▶ [TASK STATEMENT]: Please repeat exactly the lines below from the line with "金利来(Goldlion)男鞋25年秋季新品休闲鞋皮鞋男爆米花软弹厚底运动鞋健步鞋跑步鞋 黑色 40" to the line with "La SecretarÃa de", including both, and leave out every picture.

==== DATA RECORDS ====

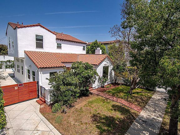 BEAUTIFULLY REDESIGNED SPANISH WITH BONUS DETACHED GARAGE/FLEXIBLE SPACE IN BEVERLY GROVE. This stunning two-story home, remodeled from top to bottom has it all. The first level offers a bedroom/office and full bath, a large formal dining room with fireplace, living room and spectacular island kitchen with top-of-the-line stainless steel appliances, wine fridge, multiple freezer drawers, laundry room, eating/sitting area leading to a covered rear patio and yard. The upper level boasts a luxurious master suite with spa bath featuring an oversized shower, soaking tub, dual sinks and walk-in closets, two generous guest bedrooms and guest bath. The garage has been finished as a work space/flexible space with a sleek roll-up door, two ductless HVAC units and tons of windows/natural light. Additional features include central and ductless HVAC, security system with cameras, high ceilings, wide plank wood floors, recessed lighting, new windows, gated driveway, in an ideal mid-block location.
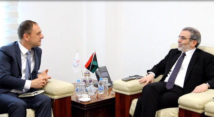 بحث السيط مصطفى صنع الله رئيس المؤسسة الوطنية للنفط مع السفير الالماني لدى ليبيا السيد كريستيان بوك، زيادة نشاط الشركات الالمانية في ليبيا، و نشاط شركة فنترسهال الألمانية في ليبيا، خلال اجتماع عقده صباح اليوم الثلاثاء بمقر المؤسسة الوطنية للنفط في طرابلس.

====
==== DATA RECORDS ====

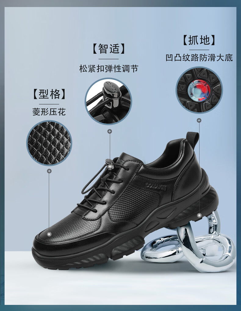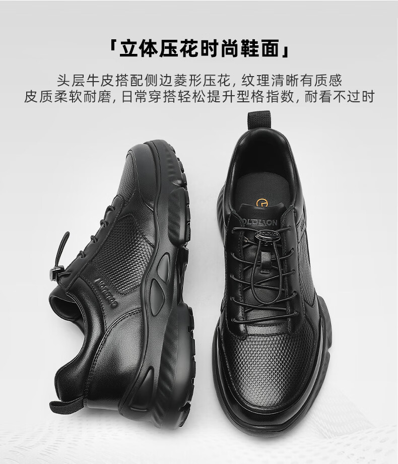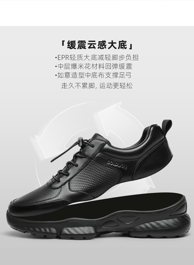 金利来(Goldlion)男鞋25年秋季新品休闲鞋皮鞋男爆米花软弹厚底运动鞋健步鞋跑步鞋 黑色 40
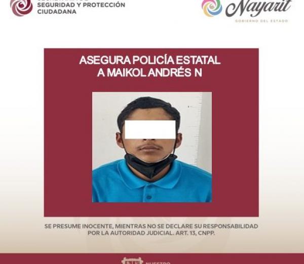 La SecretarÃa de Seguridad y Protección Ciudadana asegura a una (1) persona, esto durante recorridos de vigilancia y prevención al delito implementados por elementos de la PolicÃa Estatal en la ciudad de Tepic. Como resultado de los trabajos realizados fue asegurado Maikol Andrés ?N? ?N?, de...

====

▶ [OUTPUT OF THE EXERCISE]:
 金利来(Goldlion)男鞋25年秋季新品休闲鞋皮鞋男爆米花软弹厚底运动鞋健步鞋跑步鞋 黑色 40
 La SecretarÃa de Seguridad y Protección Ciudadana asegura a una (1) persona, esto durante recorridos de vigilancia y prevención al delito implementados por elementos de la PolicÃa Estatal en la ciudad de Tepic. Como resultado de los trabajos realizados fue asegurado Maikol Andrés ?N? ?N?, de...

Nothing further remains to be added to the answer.